Dataset entries
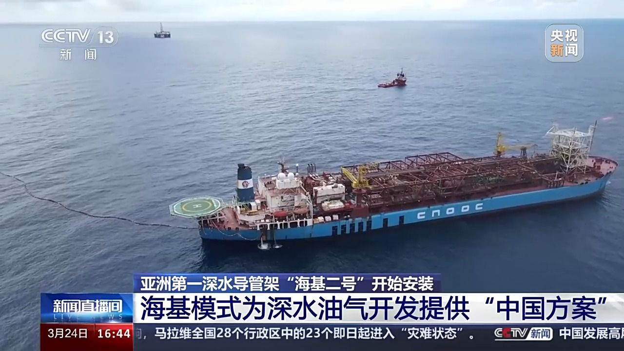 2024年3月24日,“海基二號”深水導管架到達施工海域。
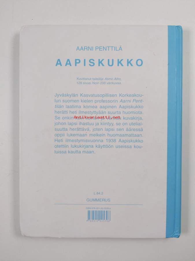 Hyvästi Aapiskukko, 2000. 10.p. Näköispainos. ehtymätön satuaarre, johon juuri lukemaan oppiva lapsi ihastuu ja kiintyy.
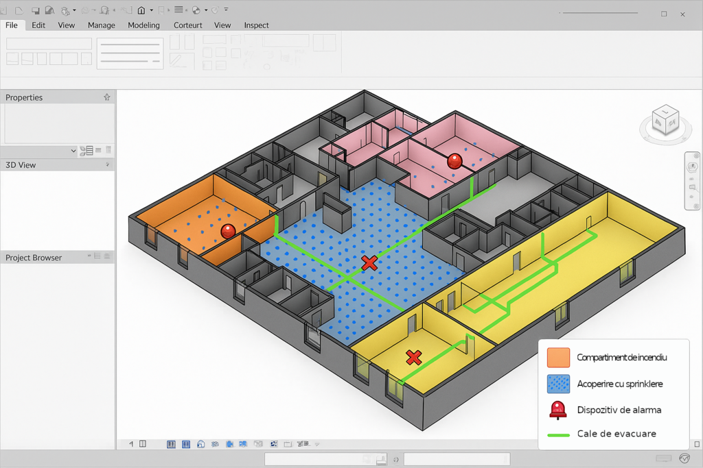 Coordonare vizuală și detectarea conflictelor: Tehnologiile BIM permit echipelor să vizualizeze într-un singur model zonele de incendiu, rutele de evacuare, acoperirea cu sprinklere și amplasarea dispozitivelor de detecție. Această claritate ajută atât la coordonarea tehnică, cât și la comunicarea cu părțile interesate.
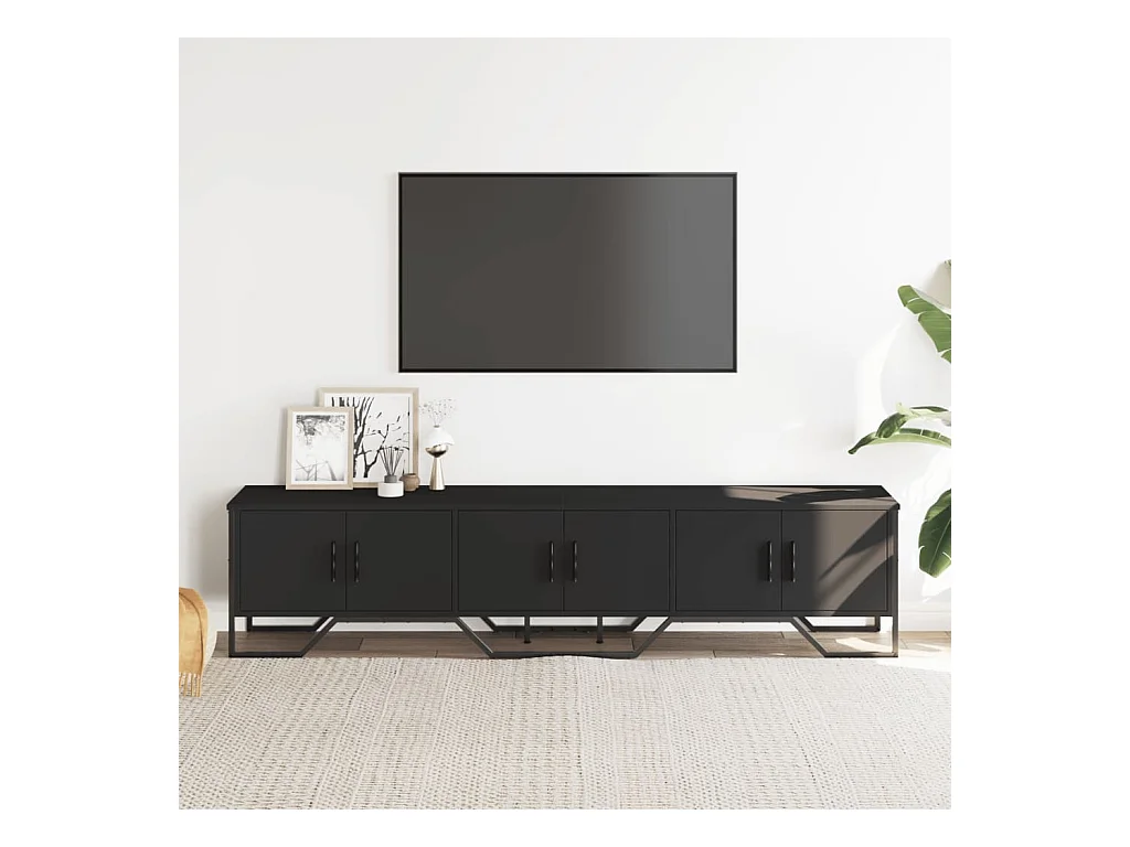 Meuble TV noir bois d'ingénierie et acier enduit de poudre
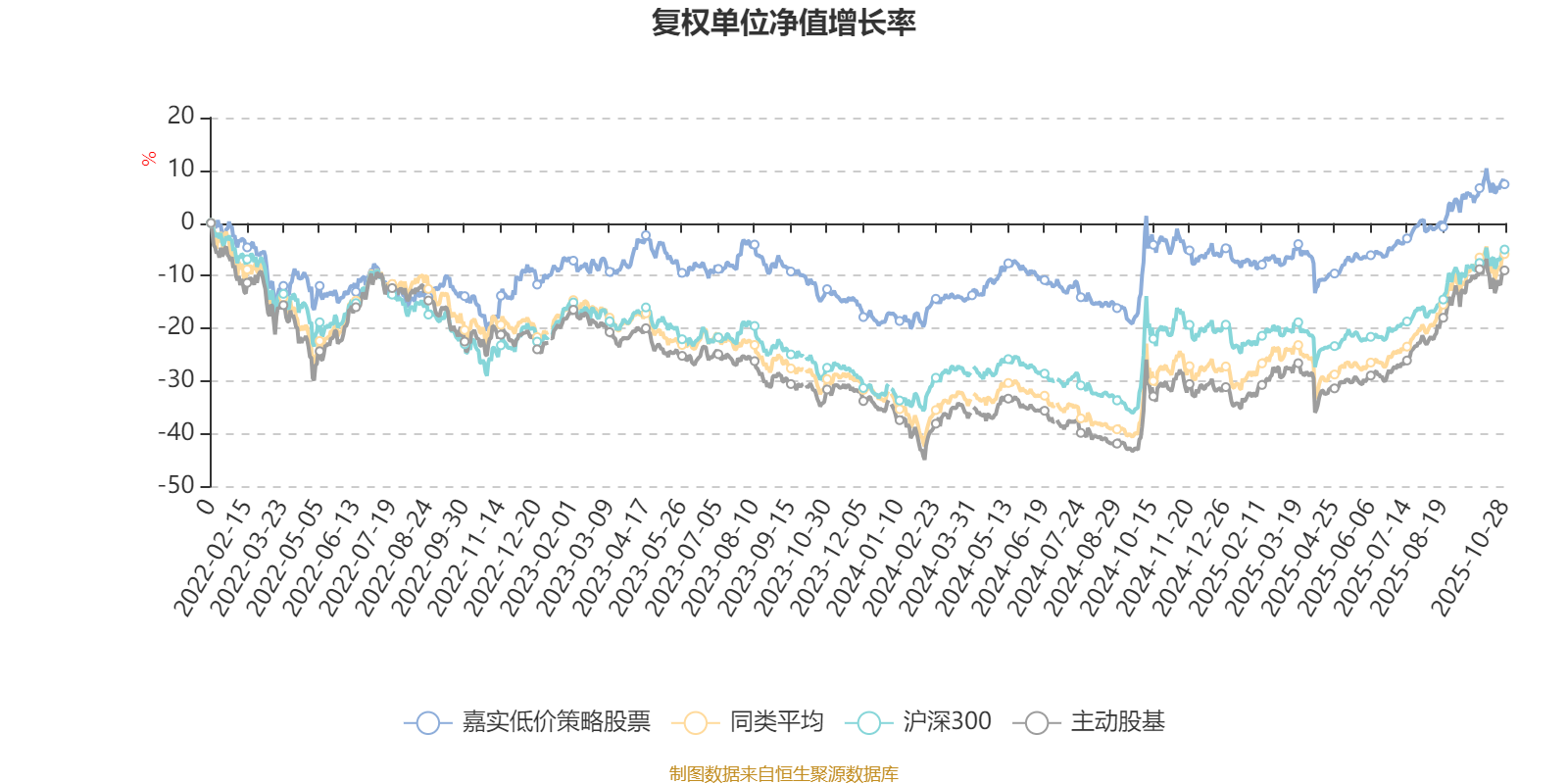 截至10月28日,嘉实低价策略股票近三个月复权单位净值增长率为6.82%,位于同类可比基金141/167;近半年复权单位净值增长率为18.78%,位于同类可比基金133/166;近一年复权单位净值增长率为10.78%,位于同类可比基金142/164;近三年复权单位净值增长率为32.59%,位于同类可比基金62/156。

==

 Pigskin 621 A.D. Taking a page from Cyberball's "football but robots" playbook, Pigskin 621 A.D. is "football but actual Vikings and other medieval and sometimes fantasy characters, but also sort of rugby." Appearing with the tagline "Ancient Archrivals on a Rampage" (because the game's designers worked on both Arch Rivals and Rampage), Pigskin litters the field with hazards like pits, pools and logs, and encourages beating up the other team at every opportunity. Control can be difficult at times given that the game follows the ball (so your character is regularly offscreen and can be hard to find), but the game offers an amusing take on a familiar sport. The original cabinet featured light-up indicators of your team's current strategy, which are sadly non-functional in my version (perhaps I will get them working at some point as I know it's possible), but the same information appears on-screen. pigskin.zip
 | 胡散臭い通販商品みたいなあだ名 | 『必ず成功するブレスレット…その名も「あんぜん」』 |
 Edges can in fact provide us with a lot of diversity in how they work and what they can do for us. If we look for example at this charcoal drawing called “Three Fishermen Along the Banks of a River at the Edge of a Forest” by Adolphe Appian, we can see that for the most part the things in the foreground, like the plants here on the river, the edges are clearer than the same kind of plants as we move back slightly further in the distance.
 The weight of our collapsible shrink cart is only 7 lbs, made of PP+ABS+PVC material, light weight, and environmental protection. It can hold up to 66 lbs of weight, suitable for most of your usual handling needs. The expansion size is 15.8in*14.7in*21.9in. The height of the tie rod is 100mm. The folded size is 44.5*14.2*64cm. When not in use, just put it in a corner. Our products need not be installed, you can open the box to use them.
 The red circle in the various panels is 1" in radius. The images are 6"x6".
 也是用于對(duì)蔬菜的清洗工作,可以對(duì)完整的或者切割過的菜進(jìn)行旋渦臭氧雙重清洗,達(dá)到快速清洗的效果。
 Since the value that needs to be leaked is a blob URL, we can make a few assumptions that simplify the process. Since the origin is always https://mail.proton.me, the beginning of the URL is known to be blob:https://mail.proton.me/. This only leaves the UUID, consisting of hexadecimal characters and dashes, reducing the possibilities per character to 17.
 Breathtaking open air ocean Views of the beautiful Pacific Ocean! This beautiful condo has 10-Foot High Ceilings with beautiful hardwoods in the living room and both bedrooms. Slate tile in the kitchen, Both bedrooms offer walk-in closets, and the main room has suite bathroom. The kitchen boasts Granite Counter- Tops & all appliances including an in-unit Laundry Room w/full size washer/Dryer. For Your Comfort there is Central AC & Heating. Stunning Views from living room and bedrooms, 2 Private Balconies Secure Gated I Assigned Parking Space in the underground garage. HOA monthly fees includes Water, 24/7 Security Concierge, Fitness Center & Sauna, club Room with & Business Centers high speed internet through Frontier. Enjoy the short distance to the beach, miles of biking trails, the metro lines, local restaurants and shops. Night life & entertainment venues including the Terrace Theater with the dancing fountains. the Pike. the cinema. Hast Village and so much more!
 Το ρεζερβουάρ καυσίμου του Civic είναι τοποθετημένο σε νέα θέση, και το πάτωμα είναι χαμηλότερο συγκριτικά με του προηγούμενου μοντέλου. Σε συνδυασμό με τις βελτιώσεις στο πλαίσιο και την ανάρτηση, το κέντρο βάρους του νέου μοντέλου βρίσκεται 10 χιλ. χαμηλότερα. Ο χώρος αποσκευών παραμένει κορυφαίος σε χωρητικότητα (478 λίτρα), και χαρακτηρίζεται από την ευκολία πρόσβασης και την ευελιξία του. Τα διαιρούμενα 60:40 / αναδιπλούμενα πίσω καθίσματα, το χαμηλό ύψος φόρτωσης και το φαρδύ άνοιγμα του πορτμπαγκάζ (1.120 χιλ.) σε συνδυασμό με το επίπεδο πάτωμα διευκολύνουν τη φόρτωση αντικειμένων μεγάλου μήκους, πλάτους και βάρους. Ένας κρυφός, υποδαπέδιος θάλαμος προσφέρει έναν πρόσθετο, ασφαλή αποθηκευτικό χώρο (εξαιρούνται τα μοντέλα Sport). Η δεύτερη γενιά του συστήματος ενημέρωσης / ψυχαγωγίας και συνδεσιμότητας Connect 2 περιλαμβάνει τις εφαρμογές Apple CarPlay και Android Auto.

Task description - Set the pictures aside and reproduce exactly the lines above, from the line holding "Hyvästi Aapiskukko, 2000." through the line holding "Meuble TV noir", both included, with nothing else.

Response for this exercise -
 Hyvästi Aapiskukko, 2000. 10.p. Näköispainos. ehtymätön satuaarre, johon juuri lukemaan oppiva lapsi ihastuu ja kiintyy.
 Coordonare vizuală și detectarea conflictelor: Tehnologiile BIM permit echipelor să vizualizeze într-un singur model zonele de incendiu, rutele de evacuare, acoperirea cu sprinklere și amplasarea dispozitivelor de detecție. Această claritate ajută atât la coordonarea tehnică, cât și la comunicarea cu părțile interesate.
 Meuble TV noir bois d'ingénierie et acier enduit de poudre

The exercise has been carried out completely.